Because individual muscles respond inconsistently to these factors, then
sensory performance can be maximised by choosing a cooking method that suits
each muscle, as dictated by appropriate weightings from the predictive inputs
above.[17]
2.28
MSA is a voluntary grading system. To be eligible for MSA grading,
certain requirements along the beef supply chain must be met. These include
meeting pre-slaughter handling requirements with an emphasis on stress
reduction; sending cattle to an MSA licensed abattoir; and conforming to
specified rates of pH-temperature decline.[18]
2.29
These grading standards for eating quality have been integrated into the
AUS-MEAT Language where applicable.[19]
2.30
Unfortunately, only a small proportion of producers have chosen to make
use of this voluntary system. MSA's 2007-08 Annual Outcomes Report states that
during the period, 838,840 cattle were graded through the MSA program, 16.5 per
cent more than the previous year. The majority were Queensland cattle, with
over 400,000 graded in that state. The report does not indicate how many of the
MSA graded cattle were sold on to the export market.[20]
2.31
According to ABARE, beef production in Australia in 2007-08 was 2.155
million tonnes in 2007-08, from 8.8 million cattle slaughtered. Out of total
production, 930,000 tonnes were exported, which would suggest that around 5
million cattle were slaughtered for domestic consumption during that period.[21]
2.32
In evidence, Bindaree Beef said that 'the equivalent of' 3 million
cattle are eaten in the domestic market each year' and that 65 per cent of
Australian beef is exported.[22]
Bindaree Beef claimed that 'less than five per cent of the beef sold for the
domestic market in Australia is MSA graded'. They contrast this with the
take-up of quality grading in the United States:
In the United States, 96% of the steers and heifers slaughtered
are graded under the voluntary USDA Grading System underpinned by legislation
with 51.7% of US table consumption labelled Choice, 37% Select and 3% Prime.[23]
2.33
The reasons for the low take-up of quality grading in Australia are
discussed further on in this report.
Legislative restrictions on meat
marketing
2.34
Processors and retailers are in theory prevented from making false
claims on meat product labels in accordance with section 52 of the Trade
Practices Act 1974 (TPA), which prohibits conduct by companies in trade or
commerce that is misleading or deceptive. Section 53 also prohibits companies
from making false or misleading representations about goods, including:
(a) falsely
represent[ing] that goods are of a particular standard, quality, value, grade,
composition, style or model...
2.35
The Australian Competition and Consumer Commission (ACCC) is responsible
for enforcing the provisions of the TPA.
2.36
It should be noted, though, that these provisions tend only to prevent the
more blatant and objectively false and dishonest assertions about products.
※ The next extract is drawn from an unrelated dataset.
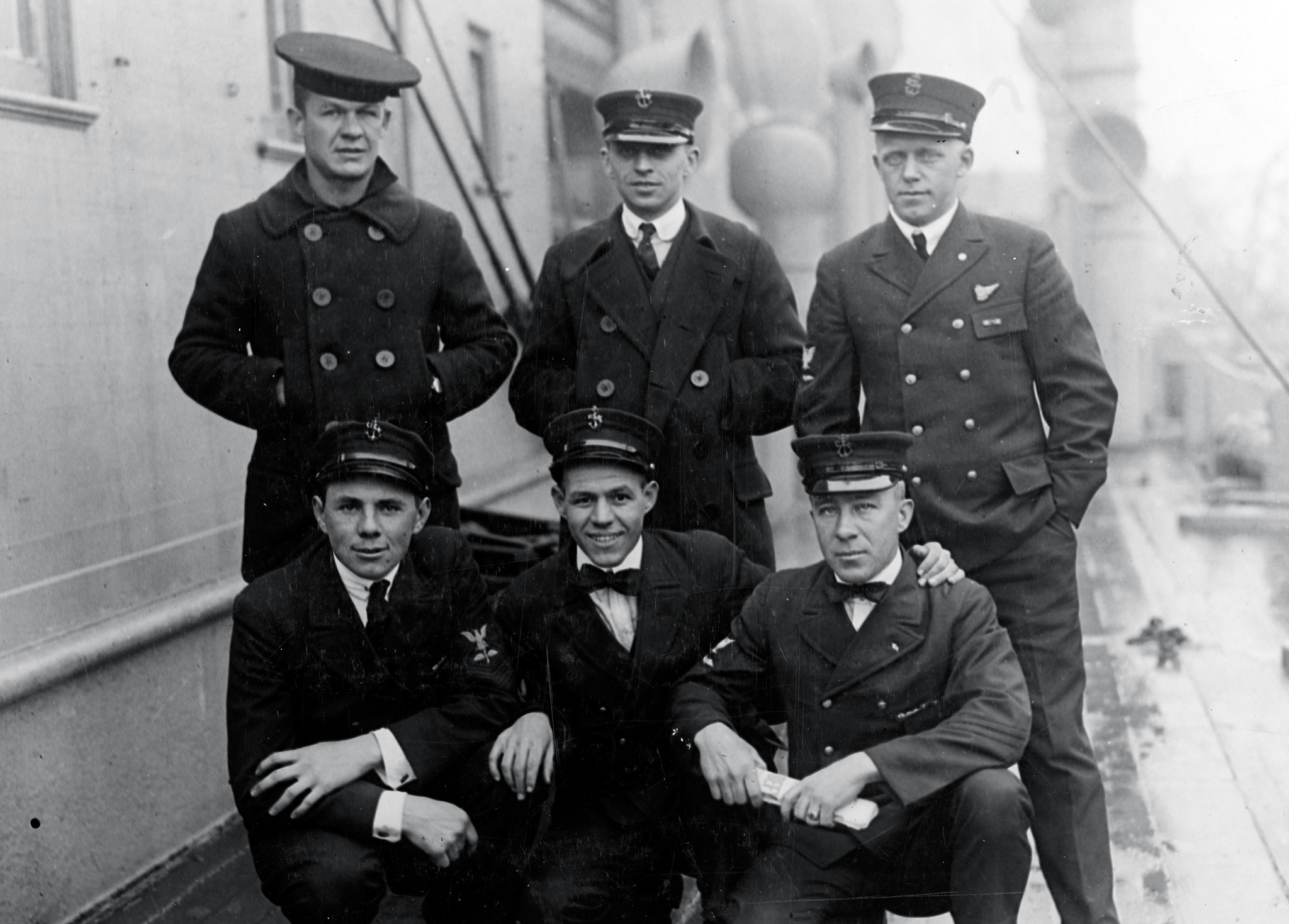 578k | Six U.S. Navy Petty Officers "sail to speed up work on the R-38. ... The R-38 is nearing completion in England and is to be flown to her hangar at Lakehurst, N.J." (quoted from the original caption). They are on board the passenger liner Princess Matoika (formerly USS Princess Matoika) for the trip to England, April 1920. These men are identified in the original caption as: Left to right, front: J.W. Cullinan, M. Lay and I.L. Thomas. Left to right, standing: N. Julnis [sic ?], A.B. Galation and H. Christensen. Chief Boatswain's Mate M. Lay and Chief Machinist's Mate W.A. Julius were among those who lost their lives when the R-38 crashed on 24 August 1921. U.S. Naval History & Heritage Command photograph (# NH 41997). |

Given the more subjective nature of claims about beef traits such as flavour
and tenderness, as well as the effect of less than ideal cooking methods, the
misleading and deceptive conduct provisions of the TPA is not a useful tool in
ensuring that consumers are better guided on value for money propositions.
2.37
The industry itself is best placed to lead this task.
Industry reluctance on grading
2.38
A number of witnesses informed the committee that different sections of
the beef industry had different marketing imperatives, which underlie the
reluctance by many to embrace a quality grading system. In particular, those
selling poor quality beef have little interest in having this fact laid bare
before consumers. For instance, Mr Morice of Hereford Prime told the committee:
The problem is that there is a very high percentage of beef
product that will fail to grade under the MSA system and there are a lot of
people who want to be able to sell that meat basically as a commodity.[24]
2.39
The committee received evidence claiming that high quality producers and
consumers support beef grading. However, the committee notes the apparent reluctance
of other participants in the industry:
The problem of relying on a voluntary industry scheme is that
it is not necessarily in the commercial interests of all relevant participants
in the beef supply chain to the domestic market, to adopt a national beef
grading system. Neither the hot boner nor the large exporter is reliant on a
vibrant domestic market for its bottom line and neither is particularly
concerned with the effect that dumping poor quality meat onto the Australian
market may have on consumption levels. Processors are almost unanimous in their
support for federal legislative underpinning of the AUS-Meat descriptive
trading language for exports because they want to preserve its integrity. Many
of the same processors, however, have been reluctant to support a trading
language for domestic consumers underpinned by legislation.[25]
2.40
Bindaree Beef also commented on the competing interests within the
sector:
...the crucial part of that whole process will be getting
industry agreement on the content of that grading system, because there are
various sectors of the industry that have their own legitimate commercial
interests and they do not always coincide. Historically, a lot of the
opposition to a statutory form of beef grading has come from interests who
export the majority of their product or who are primarily or wholly involved in
supplying the American hamburger industry. Of course, from their perspective
the ability to dump old cow primals onto the Australian market makes commercial
sense. So there is not complete agreement.[26]
2.41
The issue of labelling for old cow beef in Australia is discussed
further on at paragraph 2.82.
2.42
Mr Polkinghorne indicated that the Meat Standards Australia (MSA) vision
of independent certification had encountered resistance from the supermarkets,
who do not want to be competing on price by having identical grading stickers
on their packaging (see paragraph 2.13 above).[27]
2.43
The key for the beef industry is to reconcile these competing interests
so that consumers have more certainty about quality and value for money when
purchasing beef products. Grading for quality and the associated labelling
issues are an integral part of providing the information consumers need to
ensure this occurs. The options for reform of beef grading are discussed in the
following section.
Beef labelling reform
2.44
The current system is not providing the majority of consumers with the
sort of information they require to make informed choices when purchasing beef.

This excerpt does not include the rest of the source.